**WHAT YOU NEED TO DO:**
Below are records with pictures. Transcribe exactly, and only, the lines from the line with "Not only is" to the line with "With bold patterns", both ends included, but not the pictures.

Segment Start: MATERIAL PROVIDED

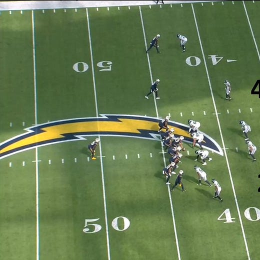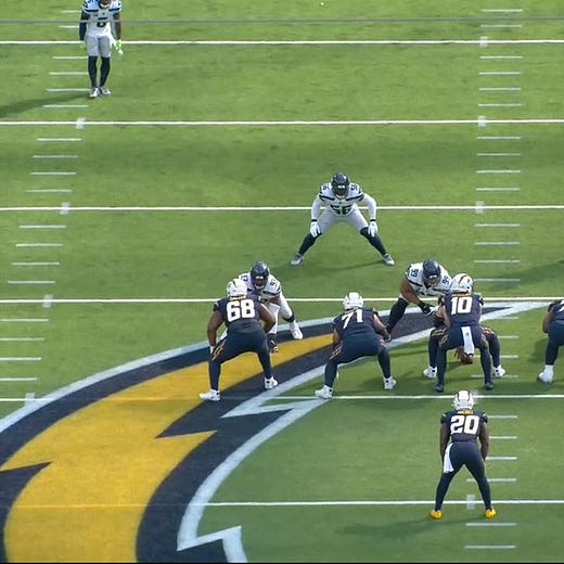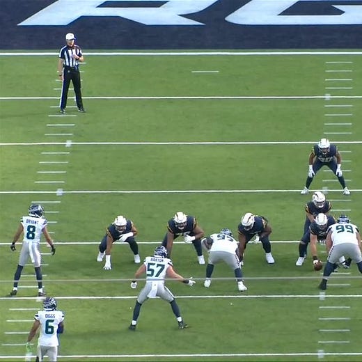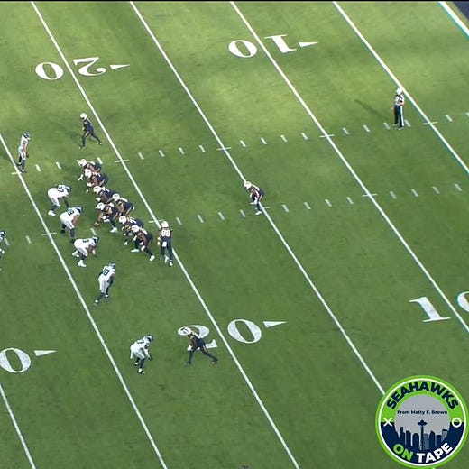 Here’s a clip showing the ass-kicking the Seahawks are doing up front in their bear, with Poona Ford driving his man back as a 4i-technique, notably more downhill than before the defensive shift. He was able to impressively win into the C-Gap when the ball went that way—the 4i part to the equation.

Segment End: MATERIAL PROVIDED
Segment Start: MATERIAL PROVIDED

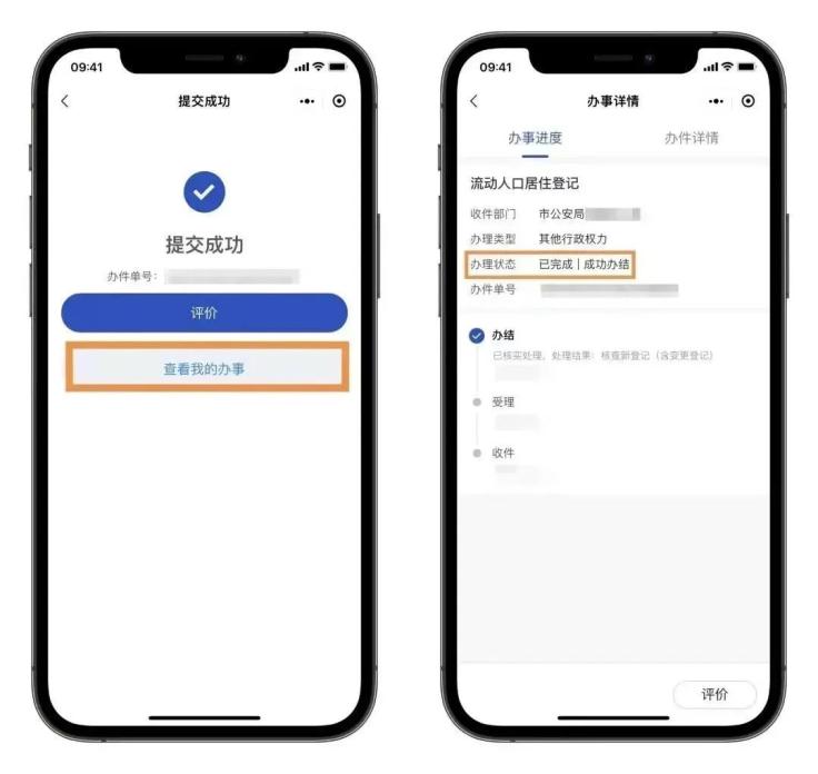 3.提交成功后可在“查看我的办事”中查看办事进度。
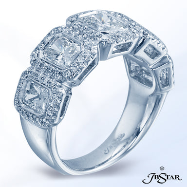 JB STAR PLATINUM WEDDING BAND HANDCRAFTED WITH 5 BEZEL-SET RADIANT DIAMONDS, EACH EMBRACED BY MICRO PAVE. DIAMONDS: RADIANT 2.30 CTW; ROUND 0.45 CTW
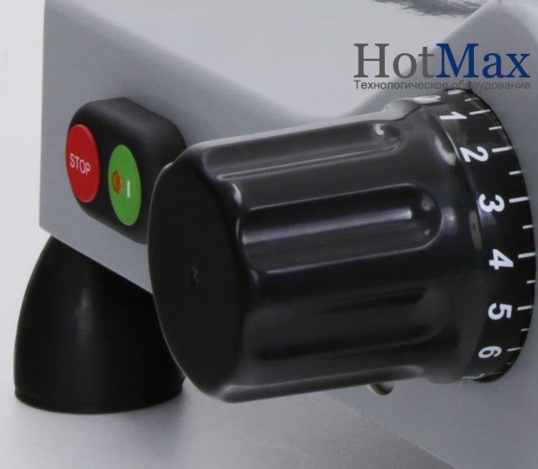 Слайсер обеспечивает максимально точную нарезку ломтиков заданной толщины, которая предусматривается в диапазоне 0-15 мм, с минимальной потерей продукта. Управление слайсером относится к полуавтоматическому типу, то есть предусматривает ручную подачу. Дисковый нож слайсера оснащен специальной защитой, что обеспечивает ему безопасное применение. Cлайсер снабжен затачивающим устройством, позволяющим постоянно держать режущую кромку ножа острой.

Segment End: MATERIAL PROVIDED
Segment Start: MATERIAL PROVIDED

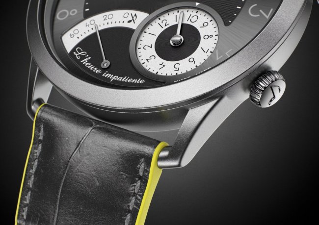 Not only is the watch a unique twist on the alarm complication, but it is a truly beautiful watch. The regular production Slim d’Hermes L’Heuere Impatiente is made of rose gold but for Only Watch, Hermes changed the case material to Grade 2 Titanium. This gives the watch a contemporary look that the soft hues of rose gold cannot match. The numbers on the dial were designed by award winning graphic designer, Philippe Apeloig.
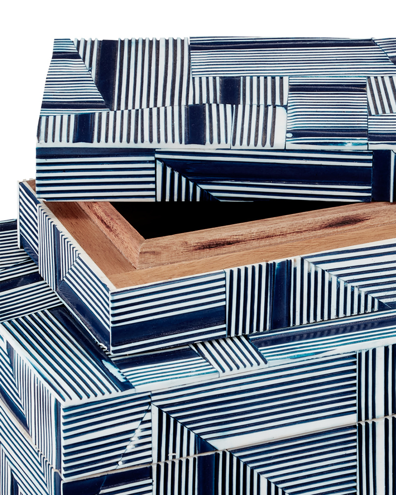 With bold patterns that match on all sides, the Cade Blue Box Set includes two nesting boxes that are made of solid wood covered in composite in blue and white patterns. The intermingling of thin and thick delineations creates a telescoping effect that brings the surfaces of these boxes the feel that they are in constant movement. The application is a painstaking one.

Segment End: MATERIAL PROVIDED

**RESPONSE FOR THIS EXERCISE:**
 Not only is the watch a unique twist on the alarm complication, but it is a truly beautiful watch. The regular production Slim d’Hermes L’Heuere Impatiente is made of rose gold but for Only Watch, Hermes changed the case material to Grade 2 Titanium. This gives the watch a contemporary look that the soft hues of rose gold cannot match. The numbers on the dial were designed by award winning graphic designer, Philippe Apeloig.
 With bold patterns that match on all sides, the Cade Blue Box Set includes two nesting boxes that are made of solid wood covered in composite in blue and white patterns. The intermingling of thin and thick delineations creates a telescoping effect that brings the surfaces of these boxes the feel that they are in constant movement. The application is a painstaking one.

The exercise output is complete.